First, let's talk about the history of Tesla's FSD. As early as 2013, Elon Musk envisioned integrating autonomous driving into Tesla vehicles. Initially, Tesla followed the path pioneered by Google in developing autonomous driving. However, due to some issues and safety concerns that arose during testing of Google's semi-autonomous driving system, AutoPilot, introduced in 2013, Google halted the project.

 

Thus, the baton for exploring autonomous driving was passed to Tesla. Tesla's AutoPilot and Google's FireFlight were both early-stage autonomous driving projects, but the major difference in their technological approaches was that Tesla opted for pure vision instead of LiDAR. In October 2014, Tesla released Hardware 1.0, marking its entry into the automotive industry's autonomous driving arena. This hardware included a forward-facing camera, a millimeter-wave radar, 12 ultrasonic sensors, and a computing platform from Mobileye, the EyeQ3.

 

 

In the first generation of Tesla's autonomous driving system, Tesla did not have its own core computing platform but instead partnered with Israel's Mobileye. Now a subsidiary of Intel, Mobileye focuses on the development of both hardware and software for advanced driver assistance systems (ADAS). Mobileye's EyeQ series of vision processing chips and software systems are used in over 125 million vehicles from manufacturers including Audi, BMW, Volkswagen, General Motors, and others.

 

In early 2016, Tesla officially introduced the concept of Full Self-Driving (FSD) and began developing a fully autonomous driving platform. In October 2016, Tesla released HW2.0, which expanded from the one front-facing and one rear-facing camera in HW1.0 to a total of eight cameras, providing 360-degree vision around the vehicle. Elon Musk also announced that HW2.0 was sufficient to support full autonomous driving, confirming Tesla's commitment to a purely vision-based approach.

 

In March 2019, HW3.0 began mass production in the Model S and Model X, followed by the Model 3 a month later. On April 22, 2019, during Tesla's AI Day, the company unveiled its Full Self-Driving (FSD) computing platform featuring Tesla's proprietary FSD chip. In August 2020, Tesla's Autopilot team restructured the software's underlying code and deep neural network. They also developed a new training supercomputer called Dojo and introduced the BEV+Transformer architecture. This architecture uses bird's-eye view to upgrade 2D images to 3D, providing a better understanding and processing of the vehicle's surrounding environment, marking Tesla's entry into the era of large models.

 

On August 26, 2023, Elon Musk live-streamed the release of Tesla's FSD V12.0, which is Tesla's first end-to-end AI autonomous driving system. This version replaced approximately 300,000 lines of C++ code on the backend with neural network decision-making from Tesla Vision AI, marking a significant step forward in Tesla's autonomous driving technology.

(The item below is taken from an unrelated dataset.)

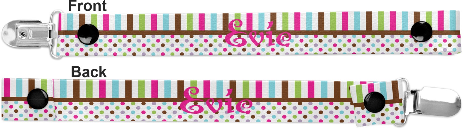 This personalized pacifier clip is the ideal size and measures at approximately 7.5 inches in length, when either end is snapped closed. On one end, you'll find a snap button. This button of your baby's pacifier holder is what can be attached to their pacifier to hold is securely in place. Simply open the snap, slip it through the pacifier opening, and snap it back into place. On the opposite end of this baby pacifier holder, you'll find a metal clip that can secure to a baby's collar or sleeve. This clip ensures that the strap stays in place, and that your baby's pacifier is always on hand.

Now, let's talk about what end-to-end means. In traditional autonomous driving system design, the perception module is responsible for gathering environmental information through various sensors, such as cameras and LiDAR.

 

The planning module then uses this information to make path planning and decision-making, while the control module executes specific actions based on the planned results. Traditional autonomous driving systems operate like a funnel, where information is gradually lost layer by layer.

 

Tesla's end-to-end model streamlines these complex processes by creating a unified neural network architecture. It takes raw input data and directly processes it to output control commands for the vehicle, eliminating the need for separate modules. This approach reduces delays and errors that can accumulate during information transfer between modules, making the autonomous driving system more responsive and accurate.

 

Decisions are no longer made based on rule-based code but are instead driven by data and computational power. The model is trained by mimicking human thought processes, learning from vast amounts of video data. The more high-quality data and computational power provided, the better the model's performance. This approach can even lead to an emergent phenomenon common in large models, where the AI suddenly grasps complex concepts, similar to a human "aha" moment.

 

However, end-to-end systems are not without their drawbacks. For instance, these systems often have weaker interpretability, making it relatively more difficult to pinpoint issues. Essentially, this kind of system operates as a black box, meaning even the engineers may not fully understand how its decisions are made. As a result, there has been an increased likelihood of making basic errors during user operation. Despite continuous training, certain cognitive blind spots remain, such as taking unnecessarily long routes or parking on the curb.

 

End-to-end systems also heavily rely on massive amounts of high-quality data. Without sufficient data collection and supercomputers like Dojo for training, achieving the precision required for autonomous driving is impossible. Consequently, many automotive brands with fewer vehicles on the road will take a long time to accumulate the billions of miles of data that Tesla has. Additionally, without Tesla's supercomputers, training these models will take significantly longer.

What is a neural network?

 

In 2021, Tesla developed HydroNet, an autonomous driving neural network. This is a pure vision-based neural network architecture designed for multitask learning. The principle behind it is to use a unified neural network model to process various perception tasks in parallel. In autonomous driving scenarios, the vehicle needs to understand the complex surrounding environment, which includes tasks such as object detection (cars and pedestrians), lane detection, drivable area segmentation, and depth estimation. Essentially, the autonomous driving system divides the collected information into multiple task threads, each handling and analyzing different features in parallel, and then aggregates the results.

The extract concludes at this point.